La recensione di: Dogman, il nuovo film diretto da Matteo Garrone liberamente ispirato al delitto del Canaro avvenuto a Roma degli anni ’80.
Matteo Garrone con il suo attesissimo: Dogman, in concorso al Festival di Cannes 2018, ispirandosi all’efferato omicidio, avvenuto alla fine degli anni ’80, dell’ex pugile dilettante Giancarlo Ricci ad opera di Pietro Nigri, soprannominato Il Canaro della Magliana per via della sua attività di toelettatore, stanco dei continui soprusi da parte di quest’ultimo, realizza una potente fiaba nera, il cui graffiante crescente vortice di sentita tensione scuote con determinazione mente e cuore, scorrendo senza filtri sotto pelle.
La pellicola, come affermato dallo stesso regista, non mira a ricostruire il macabro episodio, bensì ponendolo come sfondo se ne discosta sviluppando ed affrontando la profonda solitudine che avvolge ed avvelena l’essere umano.
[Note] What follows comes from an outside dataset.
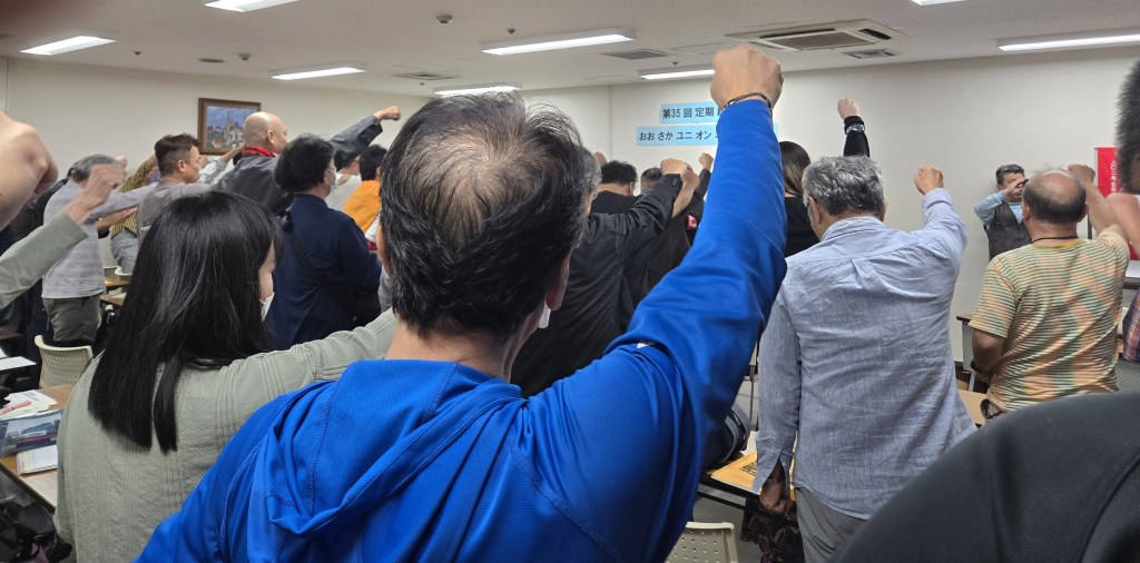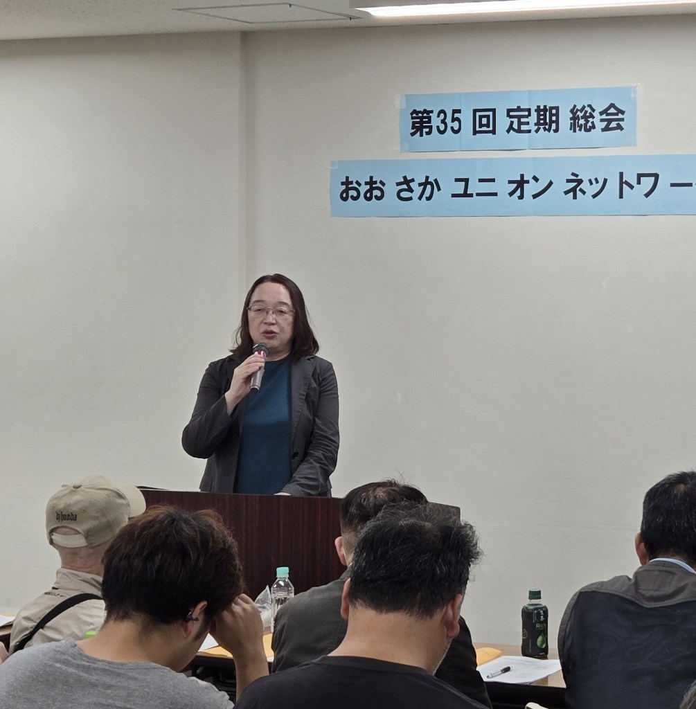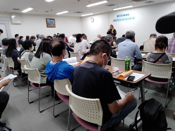 10月10日18時30分からエル・おおさかにおいて、第35回おおさかユニオンネットワーク総会が開催され関西合同労働組合からも参加しました。

Un essere umano abbandonato a sé stesso nell’ambiente malato ed ostile della periferia circostante dall’atmosfera spettrale, tanto inverosimile quanto vera ed attuale, intrisa di paura e intrisa di rassegnazione.
Una landa desolata in balia del degrado infernale dai tratti contemporanei in cui vige la legge del più forte, e fa si che il solo e sincero calore sia custodito e rappresentato dagli amati cani accuditi dal mite toelettatore Marcello (Marcello Fonte), che divide le sue giornate tra il lavoro nel suo modesto salone, l’adorata figlia Alida (Alida Baldari Calabria), e il malsano rapporto di sudditanza con Simoncino (Edorado Pesce), ex pugile tossicodipendente che terrorizza l’intero quartiere, il quale, in seguito all’ennesima umiliante sopraffazione, scatenerà l’ira recondita del piccolo e remissivo uomo, deciso a vendicarsi e riprendersi la propria fetta di rispetto e dignità.
Garrone analizza, sviscera facendo emergere con meticolosa cura la brutale crudeltà presente in ogni individuo e pericolosamente sopita nell’abisso dell’animo, ponendo a confronto le due facce della stessa triste medaglia generate da una condizione di vita che non offre soluzioni ma solo dei miseri, e alquanto squallidi, mezzi di sopravvivenza, dimostra e conferma che in esso sono presenti in egual misura sia la vittima che il carnefice, e possono risvegliarsi all’improvviso in qualsiasi momento.
Dogman, in conclusione è un’opera da non perdere che focalizza e conquista totalmente l’attenzione trasmettendo in profondità l’oscura angoscia racchiusa nella tragica storia e provata, se pur differentemente, dai rispettivi protagonisti, per un finale in grado di suscitare inaspettatamente un particolare sentimento di inquietante, disarmante, tenera, emozionante commozione, che racchiude quella disperata e malinconica voglia e ricerca di riscatto nei confronti di una spietata esistenza.